Selbst nachdem ich immer wieder gesagt habe, dass eine Abtreibung für mich nicht in Frage kam, nahm es kein Ende. Wenn ich heute, 9 Jahre später, an meine Schwangerschaft zurückdenke, erinnere ich mich nicht an die ersten Tritte, an das Streicheln meines Bauchs, an die Musik, die ich meinem Kind vorgespielt habe. Stattdessen erinnere ich mich an die ständigen Nachfragen, Blicke und Diskussionen.
Ich habe eine wunderbare und unterstützende Familie, aber dass meine Eltern ihre Selbständigkeit aufgeben, kam nicht in Frage. Ich war überfordert mit der neuen Situation, doch statt Hilfe anzubieten, wurden mir immer nur Auswege gezeigt.
„Ich wollte mit meinem kleinen unverhofften Wunder einer anderen Familie ein Geschenk machen“
Anfang des dritten Trimesters entschied ich mich das Kind nicht zu behalten. Stattdessen wollte ich mit meinem kleinen unverhofften Wunder einer anderen Familie ein Geschenk machen. Einer Familie, die keine eigene Chance auf Kinder hatte. Ich suchte also das Jugendamt noch während der Schwangerschaft auf, erklärte meine Situation und teilte mit, dass ich das Kind nach der Geburt zur Adoption freigeben möchte. Zwar konnten die ersten Dinge bereits ins Rollen gebracht werden, allerdings war eine endgültige Freigabe des Kindes zur Adoption erst 8 Wochen nach der Geburt möglich.
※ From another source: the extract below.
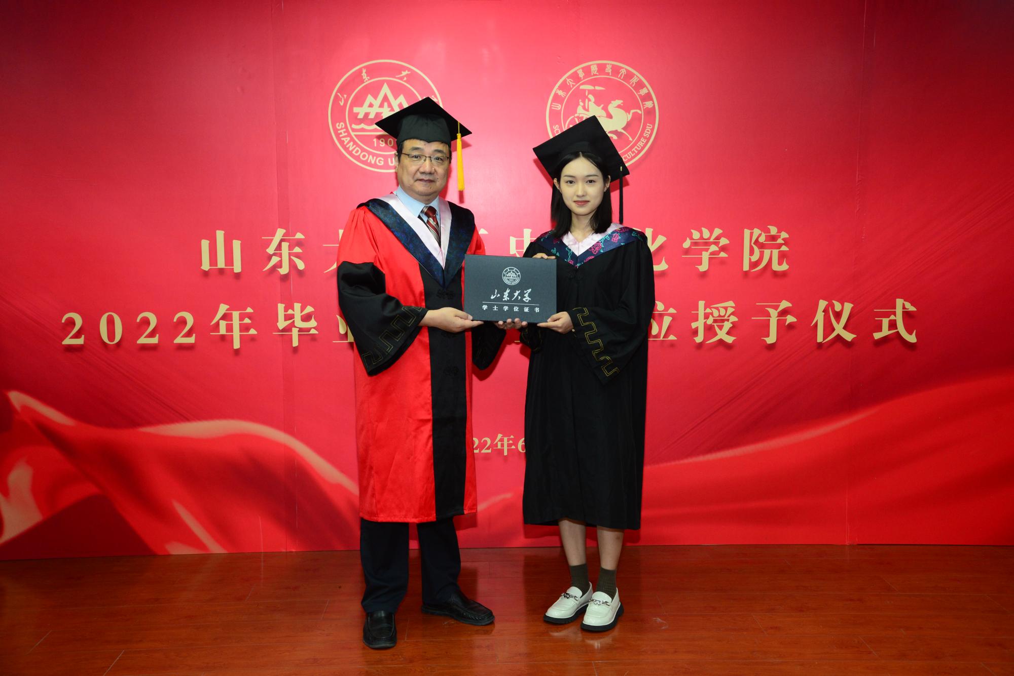 典礼在庄严的国歌声中拉开帷幕。李功华宣读《sunbet官方网站关于表彰2022届优秀毕业生的决定》,刘军为获评“山东省优秀毕业生”荣誉称号的毕业生代表颁发证书。

Und dann kam alles Schlag auf Schlag: Ich saß im Auto, um meine Eltern von einer Geburtstagsfeier abzuholen als ich bemerkte, dass das Ziehen im Bauch immer stärker und in kürzeren Abständen kam. Zuhause angekommen, versuchte ich es wegzuduschen, wegzumassieren, wegzuschlafen, aber es half alles nichts. Zwei Stunden später brachte mich meine Mutter ins Krankenhaus, knapp acht Wochen vor ET. Der kleine Mann ließ sich jedoch nicht aufhalten und kam zur Welt. Und dabei war ich doch noch gar nicht so weit. Ich hatte doch eigentlich noch Bedenkzeit, ich hatte noch gar keinen Namen und was mach ich denn jetzt eigentlich mit diesem Kind, über dessen Adoption ich noch vor ein paar Tagen mit dem Jugendamt gesprochen hatte?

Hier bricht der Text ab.